The Pensions Trust eyes alternative hedging assets
The Pensions Trust has said it aims to have 20 per cent of its liabilities hedged by March 2014, as it works to build a portfolio of alternative, good-value, matching assets that will better hedge liabilities.
Defined benefit schemes looking to derisk their investment portfolios have faced a dilemma over whether to buy matching assets at yields that are perceived to be historically low.
TPT's hedging journey
- The Pensions Trust hedges both its inflation and interest rate liabilities.
- The fund originally started out with a position that was 12 per cent hedged.
- It is now at a rate of 17.5 per cent, and expects to be 20 per cent hedged by March 2014.
Defined benefit schemes looking to derisk their investment portfolios have faced a dilemma over whether to buy matching assets at yields that are perceived to be historically low.
The £5.5bn fund, which has 36 underlying DB schemes, has decided to target index-linked corporate bonds, long-lease property and ground rents as mid-way assets between gilts and return investments.

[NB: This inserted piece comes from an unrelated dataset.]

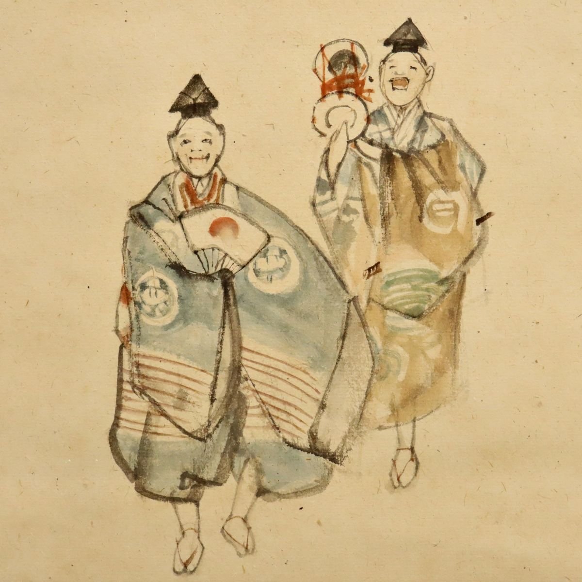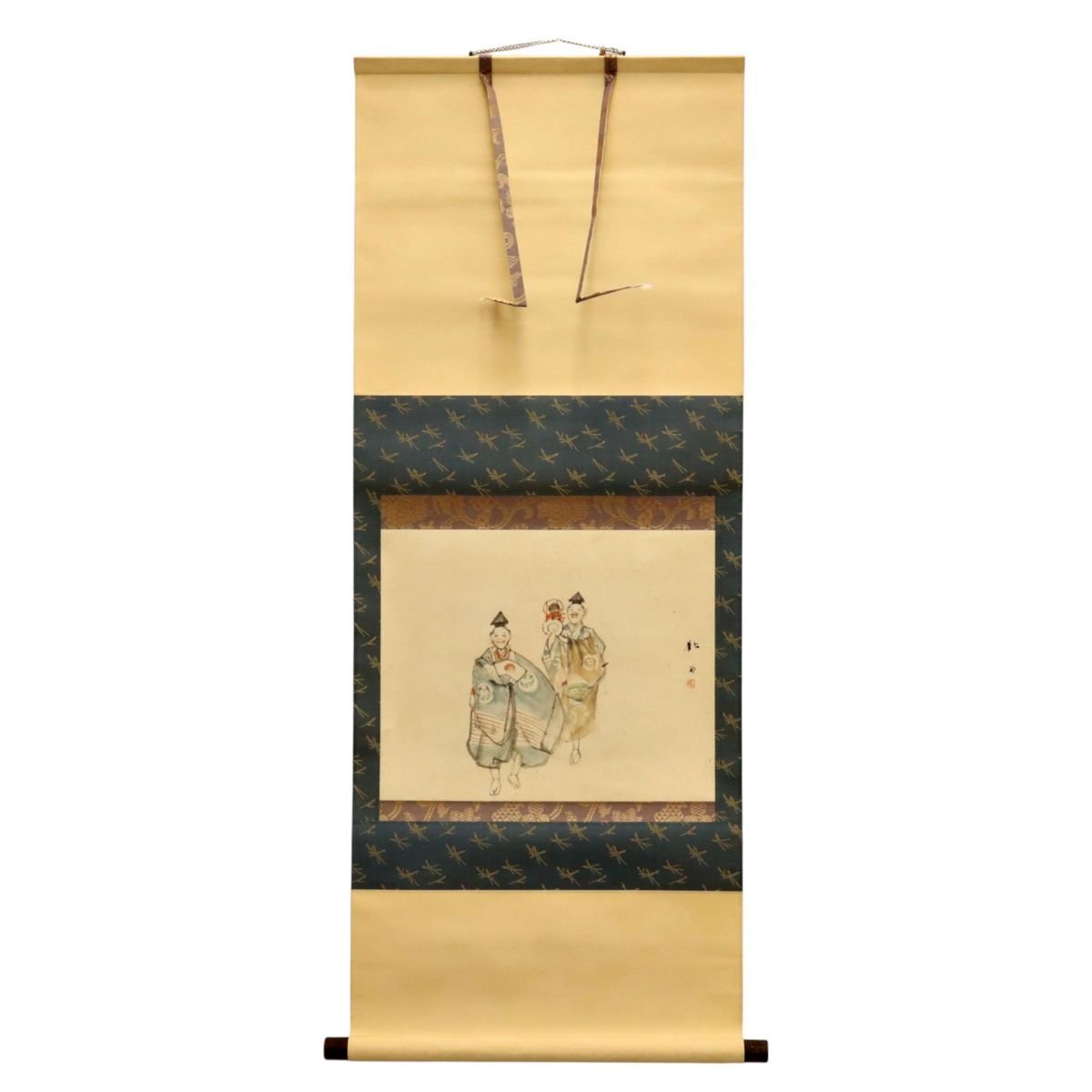 備後ゆかりの書家・藤井松山による「三河万歳図」掛軸。祝儀芸能を題材に軽妙な筆致で躍動感を表し、松島一晃の識箱が伝来を裏付ける資料性も魅力。地域系統がうかがえる紙本の味わい深い収集価値ある一幅です。
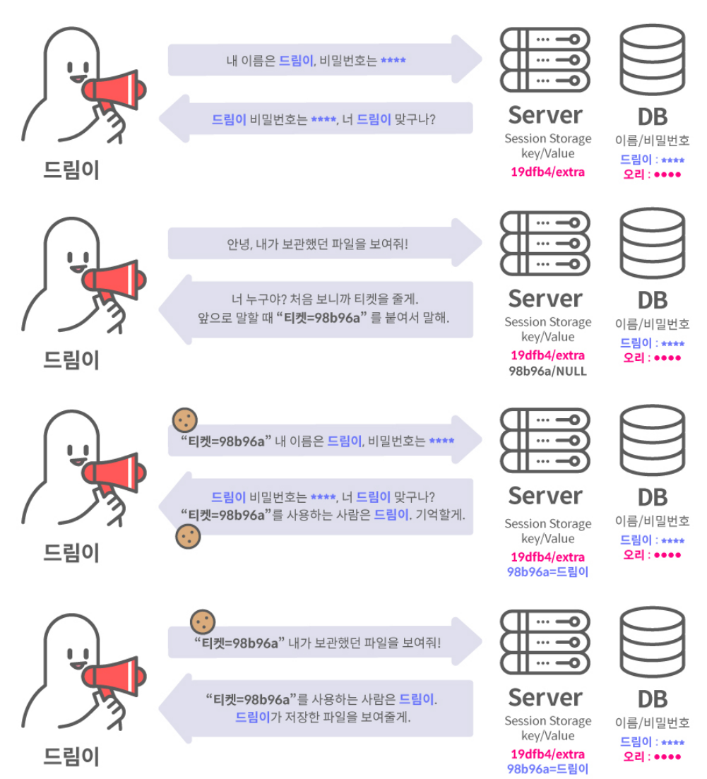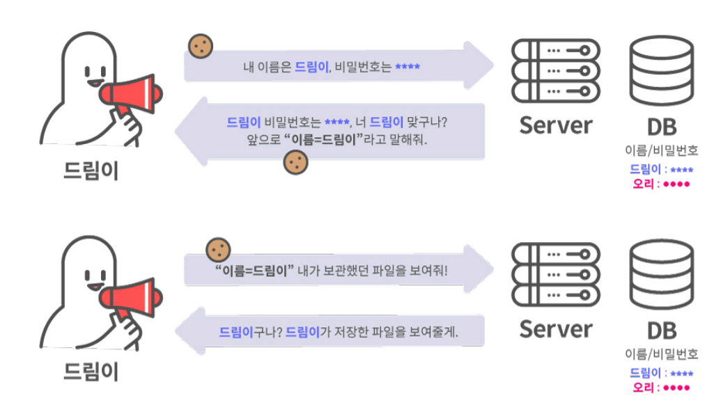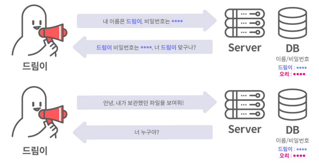 예를 들자면, admin 이라는 사용자로 로그인을 완료했을 때, 클라이언트가 서버에 특정 요청을 할 때마다 자신의 아이디를 말하지 않는 이상 서버는 클라이언트가 어떤 사용자인지 특정할 수 없습니다.

“What we wanted to do was to bring them all together into one fund and outsource it to a fiduciary manager to look after on our behalf,” David Adkins, chief investment officer at the fund, told delegates at the NAPF conference.
The scheme decided to outsource this investment mainly on capacity issues, due to its relatively small investment team, but will want to keep a close eye on the manager, he added.
“If we do see a good idea we want to be able to go to the fiduciary manager and say, ‘we’ve seen this, what do you think, is it worthy of inclusion?’”
The CIO predicted challenges in finding assets such as ground rents due to the low number of such investments on offer and the weight of institutional money heading for them.
David Druley, a managing director at Cambridge Associates, also speaking on the panel, said schemes were being left with limited options by the current low-return investment environment.
These are to lower their return targets and accept they need to pay more contributions, to “risk up” in their asset allocation, or reconfigure their liability-matching portfolio in an attempt to get value for members. “No one strategy is appropriate for every plan,” Druley said.
Delegates heard how The Pensions Trust had become trapped by the decline in gilt yields as it waited to derisk. Some of those underlying schemes had “no inflation hedging in place at all,” said Adkins.